Loading Read Datastores

Once you have built a datastore, you can open it in other projects again using a Base.open method:

julia> ds = open(PairedReads{DNAAlphabet{2}}, "ecoli-test-paired.prseq", "my-ecoli-pe")
Paired Read Datastore 'my-ecoli-pe': 20 reads (10 pairs)

The open method takes a ReadDatastore type, the filename of the datastore, and, optionally a name for the datastore, if you omit the name, the datastore will use the default name that was specified on construction.

You can also use do block notation when opening a datastore and that will ensure that the underlying stream of the reader will close.

Using the macros and string literals

If you try to open a datastore with the open method as above, and you provide the wrong type you will get an error.

This will protect you from trying to open a long read datastore as a paired read datastore and such, but it's not always convenient.

For example, if you have a paired read datastore storing reads in 2-bit format and you tried to open it as a PairedReads{DNAAlphabet{4}} type you will still get an error.

This is obviously correct behaviour, you don't want to be loading sequences using a different encoding to the one they were saved with!

However, in a practical setting this will get annoying: maybe you want to use some long reads you put in a datastore a while ago but don't remember if your datastore file is a LongReads{DNAAlphabet{4}} or a LongReads{DNAAlphabet{2}}. Or maybe you get a somefile.prseq file from a colleague, and from the extension, you deduce it is paired reads but even then that's not guaranteed.
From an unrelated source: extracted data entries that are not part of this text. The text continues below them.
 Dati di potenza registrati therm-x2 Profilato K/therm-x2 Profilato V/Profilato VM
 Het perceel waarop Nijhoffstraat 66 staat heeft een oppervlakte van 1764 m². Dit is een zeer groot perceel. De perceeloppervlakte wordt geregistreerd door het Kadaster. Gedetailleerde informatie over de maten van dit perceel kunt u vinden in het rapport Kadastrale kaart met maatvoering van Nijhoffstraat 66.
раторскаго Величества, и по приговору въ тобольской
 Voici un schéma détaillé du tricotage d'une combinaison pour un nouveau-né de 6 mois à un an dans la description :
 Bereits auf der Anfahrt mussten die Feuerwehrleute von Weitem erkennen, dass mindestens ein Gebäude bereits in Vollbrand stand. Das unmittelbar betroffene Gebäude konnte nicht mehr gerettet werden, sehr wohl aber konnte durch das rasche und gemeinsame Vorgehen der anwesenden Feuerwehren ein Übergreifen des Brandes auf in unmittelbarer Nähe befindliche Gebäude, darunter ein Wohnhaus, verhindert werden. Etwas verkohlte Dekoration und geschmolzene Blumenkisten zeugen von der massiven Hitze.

To solve this problem a few convenience macros are provided for you, so you can load datastores without specifying the datastore type, yet still avoid type uncertainty in your generated code.

The macro @openreads accepts a filepath, and optionally a datastore name. The macro is evaluated and expanded before you julia code is compiled. During that time, the header of the datastore file is peeked at, and the correct ReadDatastore subtype is deduced, and a correctly typed open statement is generated.
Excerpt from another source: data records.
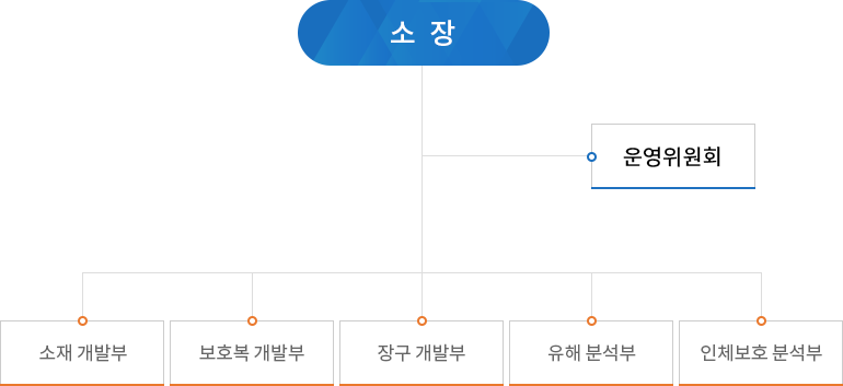 보호복 및 보호장구의 개발을 연구하고 분석하는 부서 조직도 입니다.
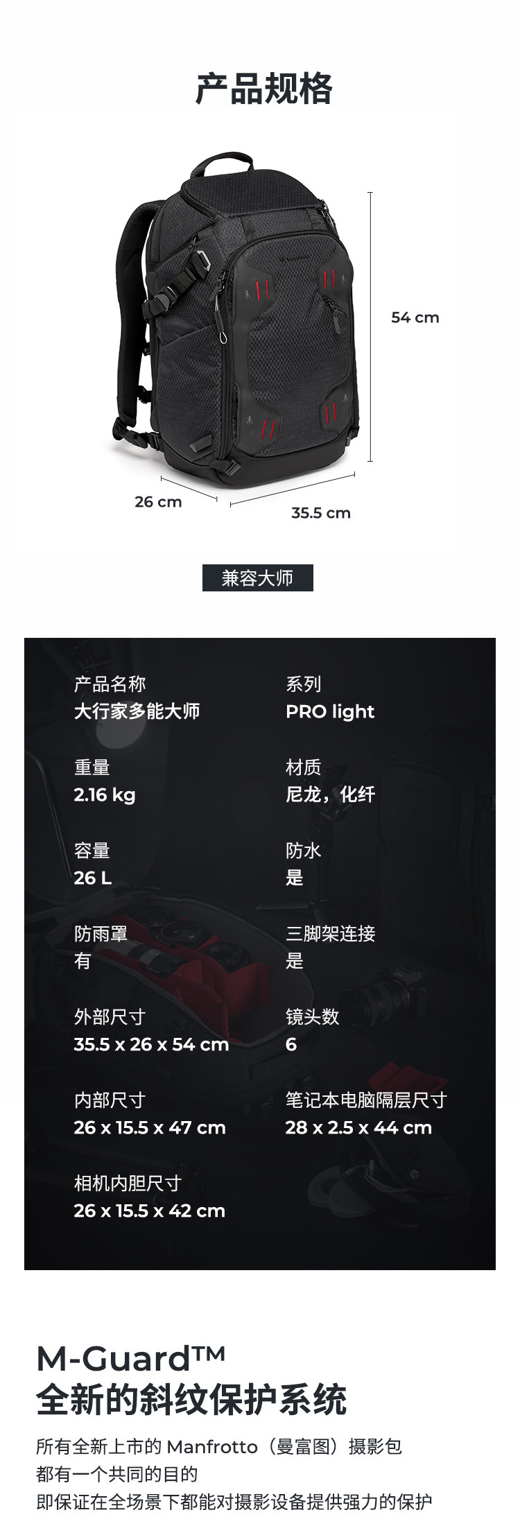 Manfutu Master Camera Camera рюкзак с большой пропускной способностью хранить PL2-BP-ML-M-M
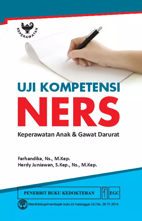 Pelayanan profesional keperawatan menuntut perawat untuk memiliki pengetahuan keterampilan dan sikap yang telah teruji melalui suatu uji kompetensi sehingga pelayanan tersebut nantinya sesuai dengan standar profesi Uji kompetensi Ners harus dijalani dan dilalui oleh perawat untuk mendapatkan gelar Ners sebagai gelar profesi serta memperoleh ijazah dan sertifikat kompetensi sebagai prasyarat untuk mendapatkan Surat Tanda Registrasi STR Buku ini membantu para perawat calon Ners dalam hal pengayaan soal uji kompetensi Ners sehingga memudahkan pengerjaan soal khususnya untuk bidang ilmu Keperawatan Anak dan Gawat Darurat Setiap soal diawali dengan Tinjauan dan Jabaran serta vignette kasus sebelum berlanjut ke pokok soal pertanyaan stem dan pilihan jawaban Semuanya terangkum secara instan dan sistematis ditambah dengan kunci jawaban
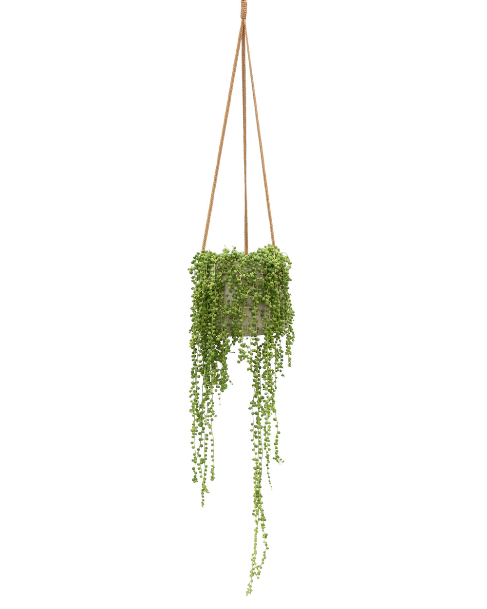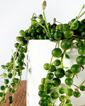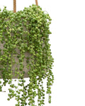 Senecio rowleyanus is an intriguing house plant that is also know as String of pearls or String of Beads due to its cascading pea-like beads. The trailing string although they look fragile are incredibly resiliant and create beautiful hanging displays. The plant is capable of flowering in spring and may produce white, daisy like flowers.
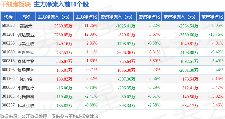 从资金流向上来看,当日干细胞板块主力资金净流出4.68亿元,游资资金净流入1.44亿元,散户资金净流入3.25亿元。干细胞板块个股资金流向见下表:
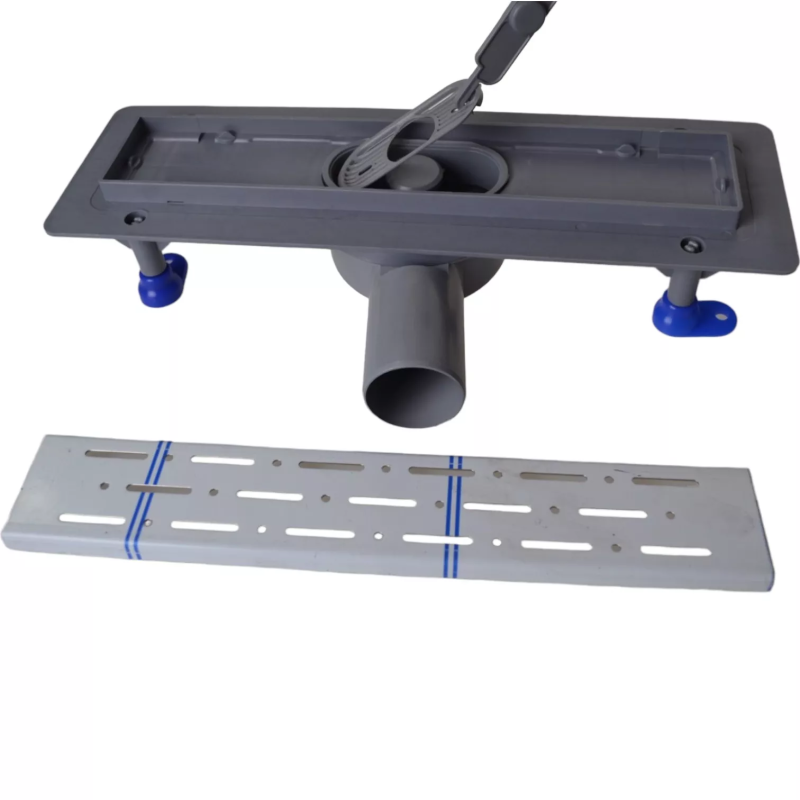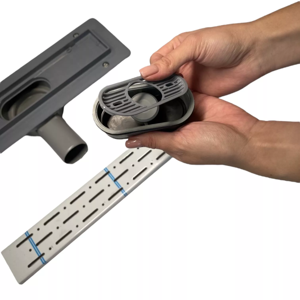 Корпус, затвор, ножки и горизонтальный фланец изготовлены из прочного полипропилена. Ножки лотка способствуют легкому монтажу за счет из регулировки высоты от 55-85мм. Фланец в данной конструкции нужен для надежной укладки гидроизоляции. Решетка изготовлена из нержавеющей стали марки AISI 304. На нее наклеена п/э пленка, которая служит защитой от грязи и царапин при монтаже и до момента эксплуатации.

For example if the file myreads.prseq was a 2-bit encoded paired read datastore, and you had the following statement in your script: ds = @openreads "myreads.prseq"

The statement would be expanded to: ds = open(PairedReads{DNAAlphabet{2}}, "myreads.prseq")
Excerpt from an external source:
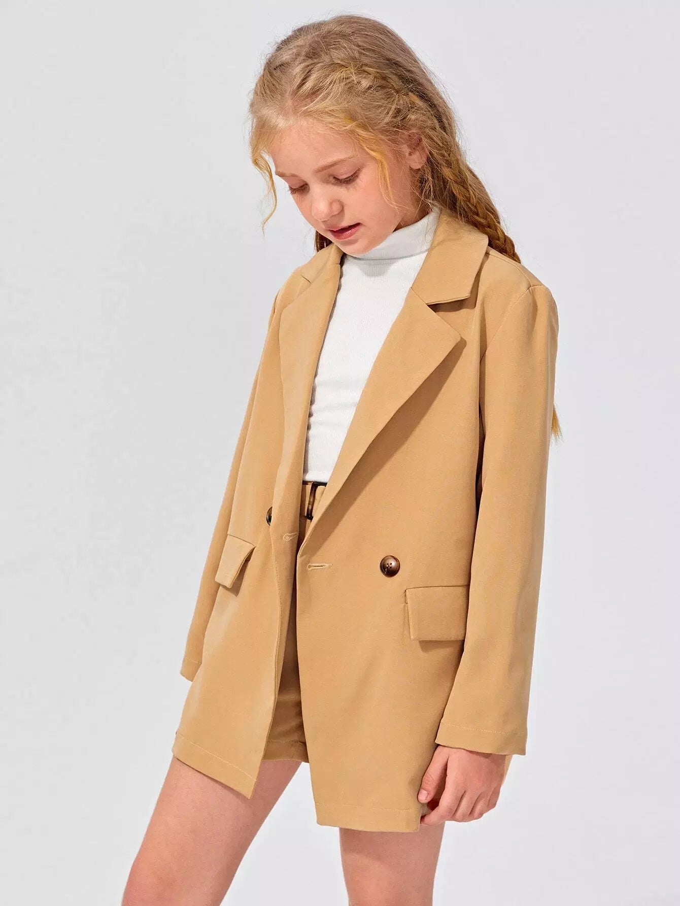 طقم بليزر بناتي بياقة مدببة وشورت بإبزيم ذاتي بدون حزام

You can also open a datastore using a string literal e.g. reads"myreads.prseq". When you do this, type type of the datastore is detected as with @openreads, however, rather than returning the expression ds = open(PairedReads{DNAAlphabet{2}}, "myreads.prseq"), as @openreads does, the open is executed and the macro returns the value of ds.

Note

In order for @openreads or the literals to work properly in any script, the datastore file must exist prior to running the script. This is unavoidable because macros are evaluated and expanded first before the resulting expanded code is compiled and run.

So creating a datastore file and loading it again using @openreads within the same script will not work, and @openreads will try to peek at the file and deduce its contents before the script can generate the datastore file. You will get an error telling you the file can't be found / does not exist.

In an interactive setting, in which statements are entered, compiled and run by the REPL one at a time, this should rarely be a problem.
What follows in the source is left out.